**TASK INSTRUCTIONS**
Omit the pictures and return exactly the stretch of the material below from the line with "Salvatore Ferragamo Gancini" through the line with "By now, you".
╔══
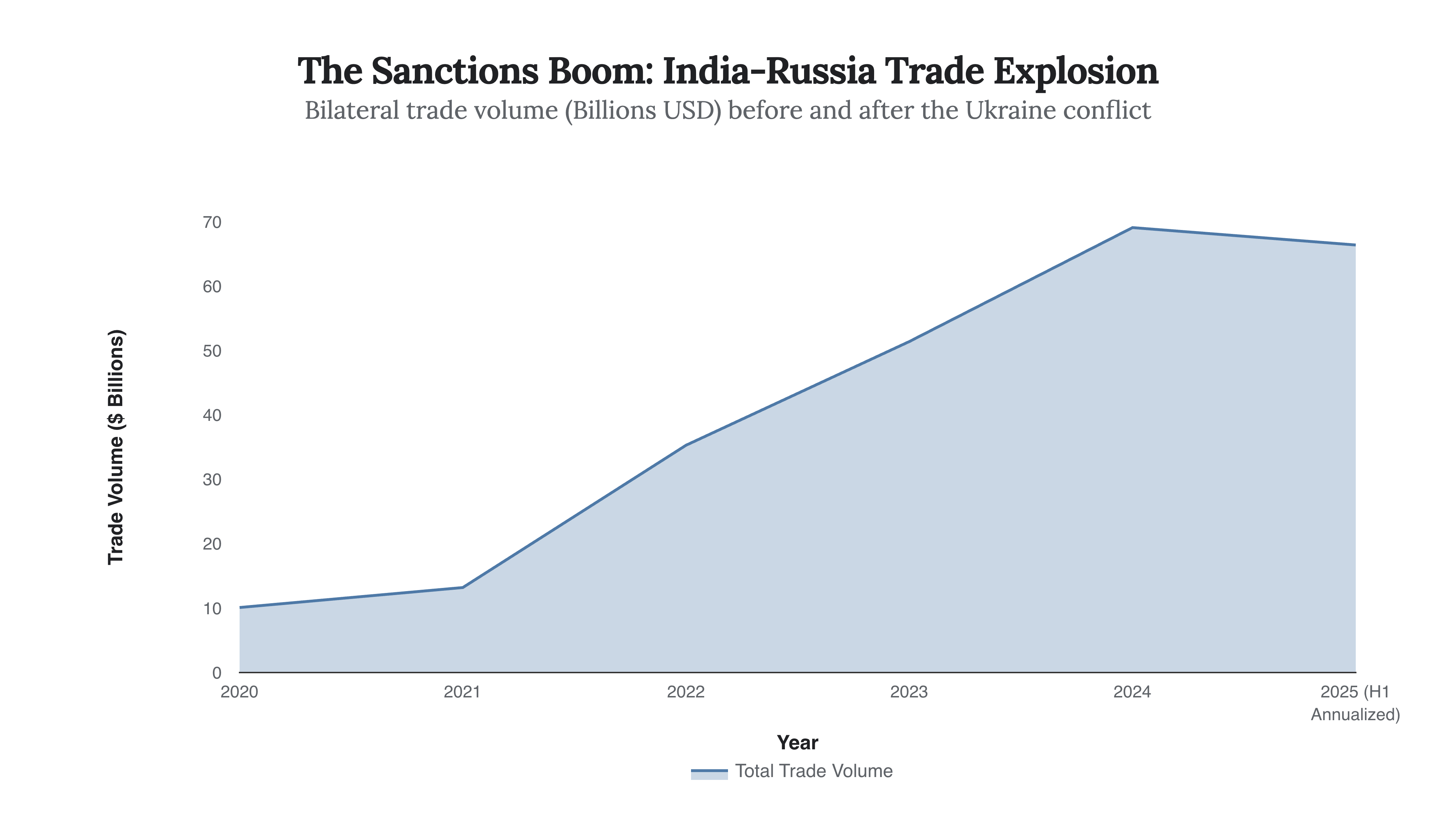 The chart above captures one of the most dramatic pivots in modern economic history. Before 2022, Russia was a marginal trading partner for India, languishing behind nations like Belgium and Nigeria. Today, it is a titan, driven almost exclusively by India’s voracious appetite for discounted energy.
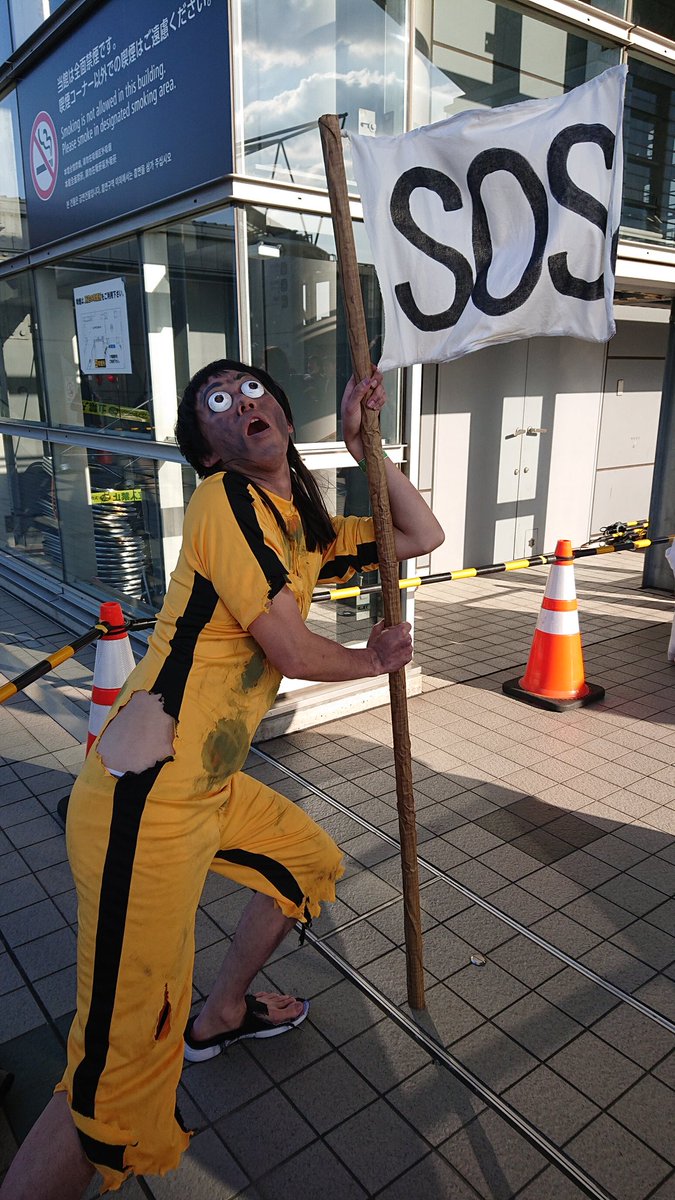 最終日にとんでもない人見つけたよ……『浦安鉄筋家族』の春巻(遭難中)。今にも「助けてくれチョリソー!」とか言い出しそう。春巻ならコミケでも遭難しそう、いやする(反語 #C97 #C97コスプレ
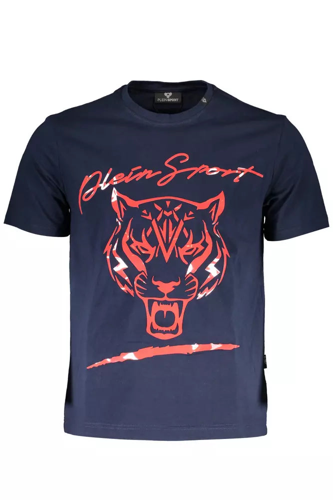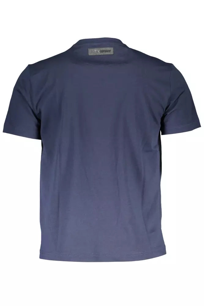 Blue Cotton Crew Neck Tee with Print
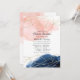Invitation de baby shower interurbain virtuel branché en ligne avec éclaboussures de peinture bleu marine et rose vif et cadre géométrique or.
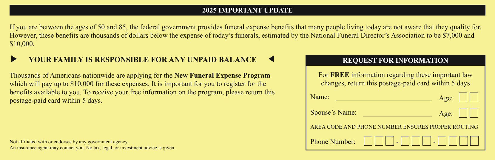You might be wondering- Why do they say “state regulated life insurance program to pay final expenses” if it’s a lie?
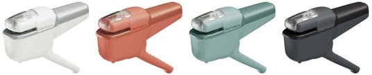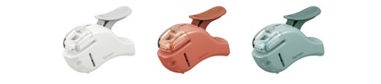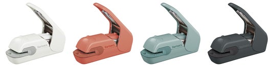 針なしステープラー<ハリナックスプレス>(左から)「ペールホワイト」、「サーモンピンク」、「ブルーグリーン」、「セピアブラック」
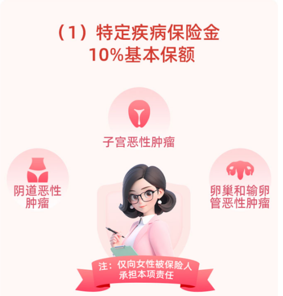产品针对女性独有的生殖系统肿瘤,设置了额外赔付机制,确诊四种女性特定疾病即可获得10%基本保额的额外赔付。
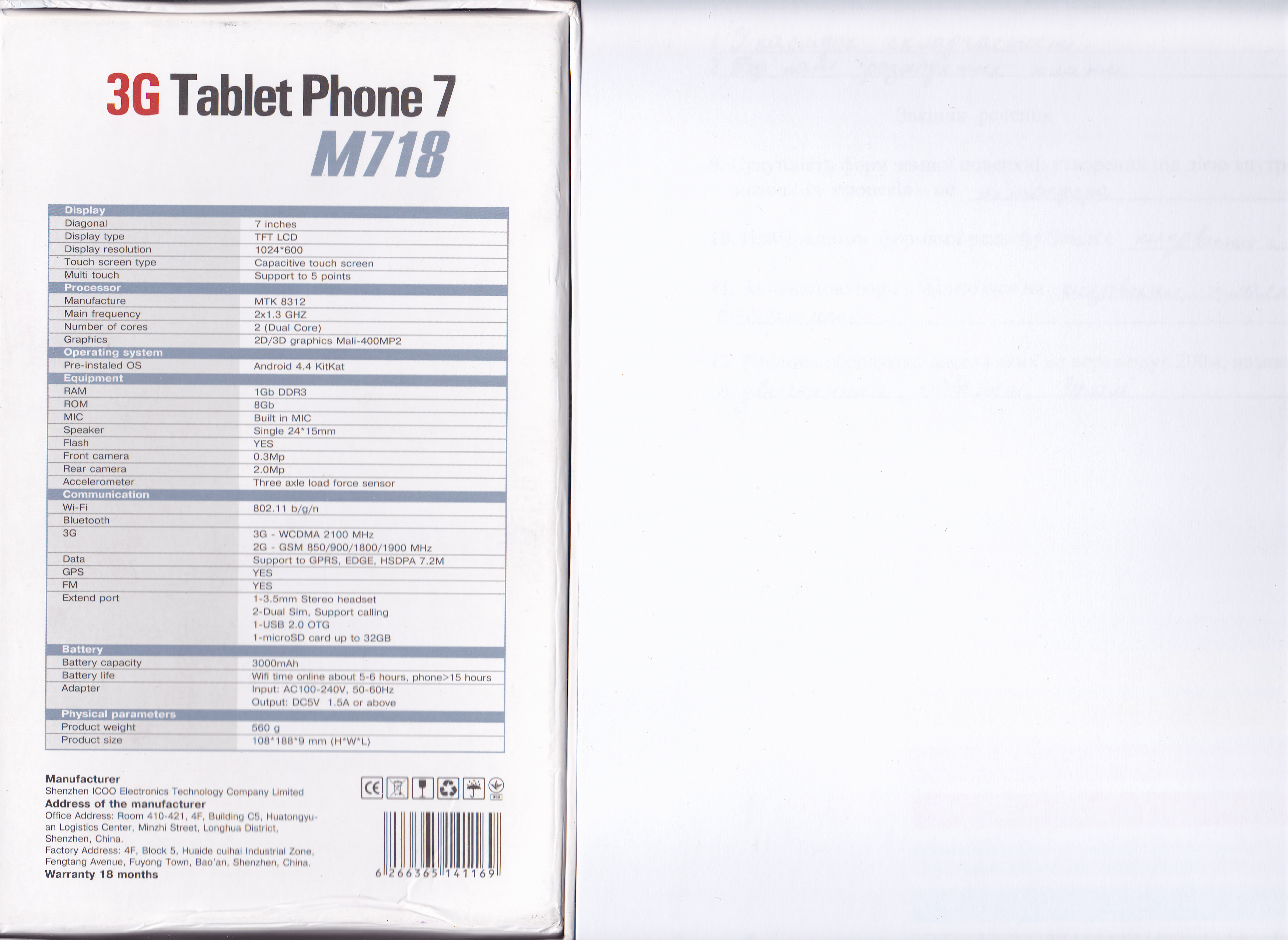 китайского планшет-телефона 3G Tablet Phone 7 M718.
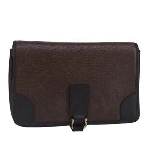 Salvatore Ferragamo Gancini Clutch Bag Leather Brown Auth ar12841
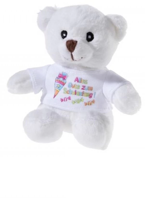 BÄR Schulanfang klein, aus weichen Synthetikmaterial, mit weissem T-Shirt und Druck „Alles Gute zum Schulanfang“ weichgefüllt.
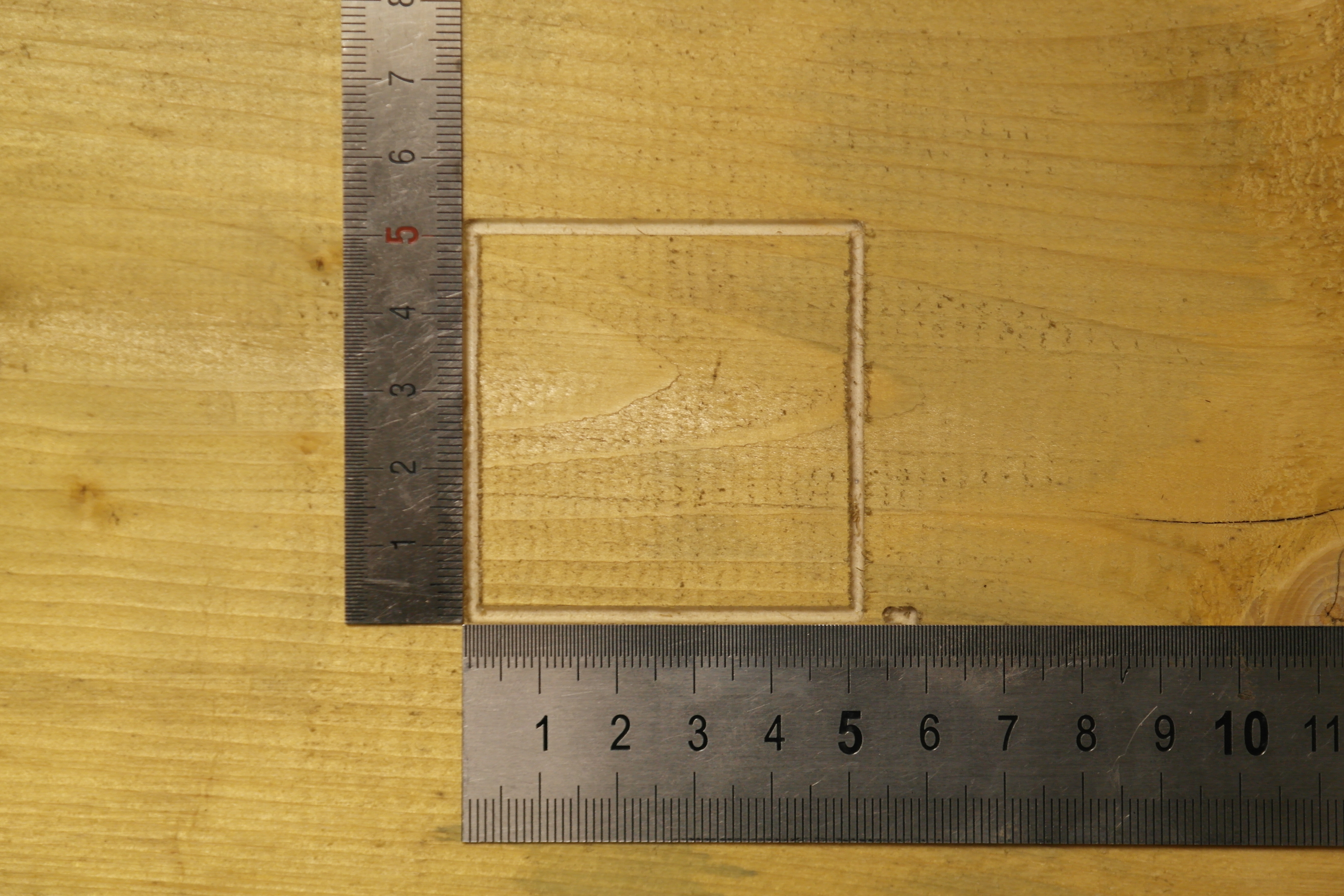 Час ночи, а я не смог удержатся что бы не испытать станок. Первый запуск моего станка прошел успешно. Конечно еще не все доделано, но когда есть результат и пущена первая стружка это уже радует. Делюсь своим квадратом по быстрому сделанным в G коде
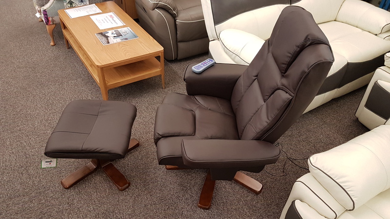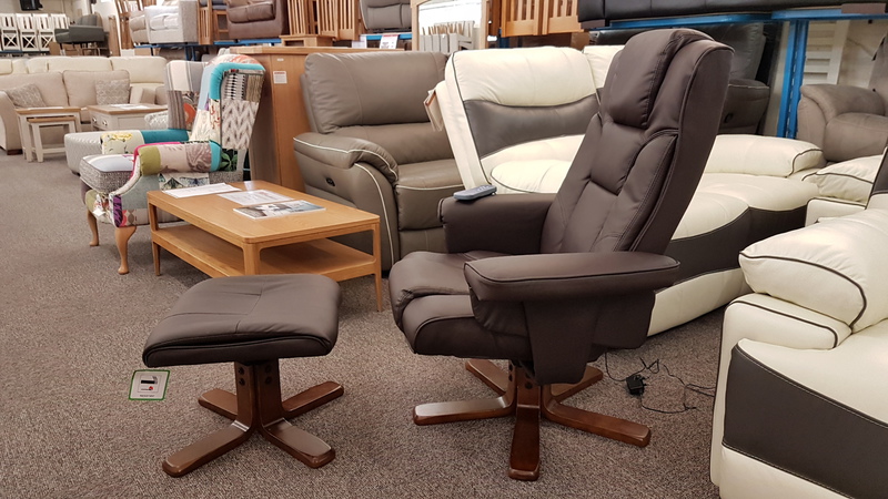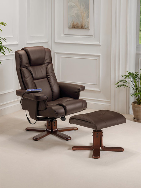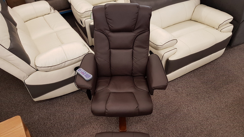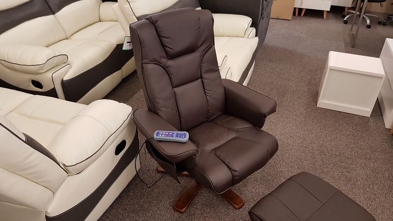 The Malmo reclining swivel chair and stool, upholstered in a soft touch faux leather with a walnut colour laminated base is now available with an added 8 Point Massage Unit and Lumbar Heated Pad. This chairs offers the ultimate in complete sitting comfort and relaxation.
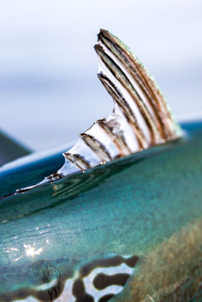 By now, you should recognize a recurring theme with fins and see the similarity with an albie’s dorsal fin at its topmost surface. This fin provides horizontal stability, like the fletching of an arrow. It also has a high-aspect ratio and fits into a sulcus that resembles a slit on the top of the fish. Think of a stiletto-style switchblade knife, with a blade that fits into the handle and can pop out with the push of a button.
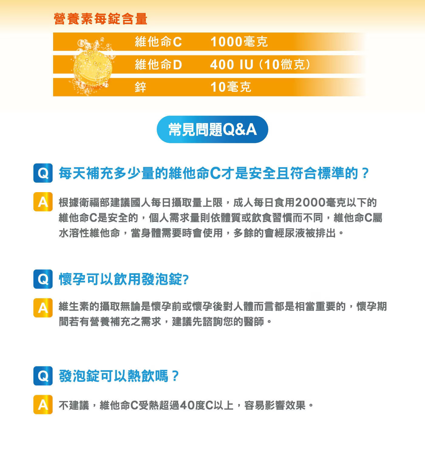 維生素C、碳酸氫鈉、無水檸檬酸、巴糖醇、DL-蘋果酸、β-胡蘿蔔素[乾葡萄糖漿、阿拉伯膠、中鏈三酸甘油酯、蔗糖、抗氧化劑(L-抗壞血酸鈉、維生素E)、β-胡蘿蔔素、二氧化矽]、無水碳酸鈉、柳橙香料(辛烯基丁二酸鈉澱粉、香料、玉米糖漿固形物、麥芽糖、混合濃縮生育醇(抗氧化劑)]、檸檬酸鋅三水化合物、醋磺內脂鉀(甜味劑)、氯化鈉、蔗糖素(甜味劑)、維生素D3[辛烯基丁二酸鈉澱粉、蔗糖、L-抗壞血酸鈉(抗氧化劑、中鏈三酸甘油酯、二氧化矽、維生素E(抗氧化劑)、膽鈣化醇]。
╚══
**WRITTEN RESPONSE**
 Salvatore Ferragamo Gancini Clutch Bag Leather Brown Auth ar12841
 BÄR Schulanfang klein, aus weichen Synthetikmaterial, mit weissem T-Shirt und Druck „Alles Gute zum Schulanfang“ weichgefüllt.
 Час ночи, а я не смог удержатся что бы не испытать станок. Первый запуск моего станка прошел успешно. Конечно еще не все доделано, но когда есть результат и пущена первая стружка это уже радует. Делюсь своим квадратом по быстрому сделанным в G коде
 The Malmo reclining swivel chair and stool, upholstered in a soft touch faux leather with a walnut colour laminated base is now available with an added 8 Point Massage Unit and Lumbar Heated Pad. This chairs offers the ultimate in complete sitting comfort and relaxation.
 By now, you should recognize a recurring theme with fins and see the similarity with an albie’s dorsal fin at its topmost surface. This fin provides horizontal stability, like the fletching of an arrow. It also has a high-aspect ratio and fits into a sulcus that resembles a slit on the top of the fish. Think of a stiletto-style switchblade knife, with a blade that fits into the handle and can pop out with the push of a button.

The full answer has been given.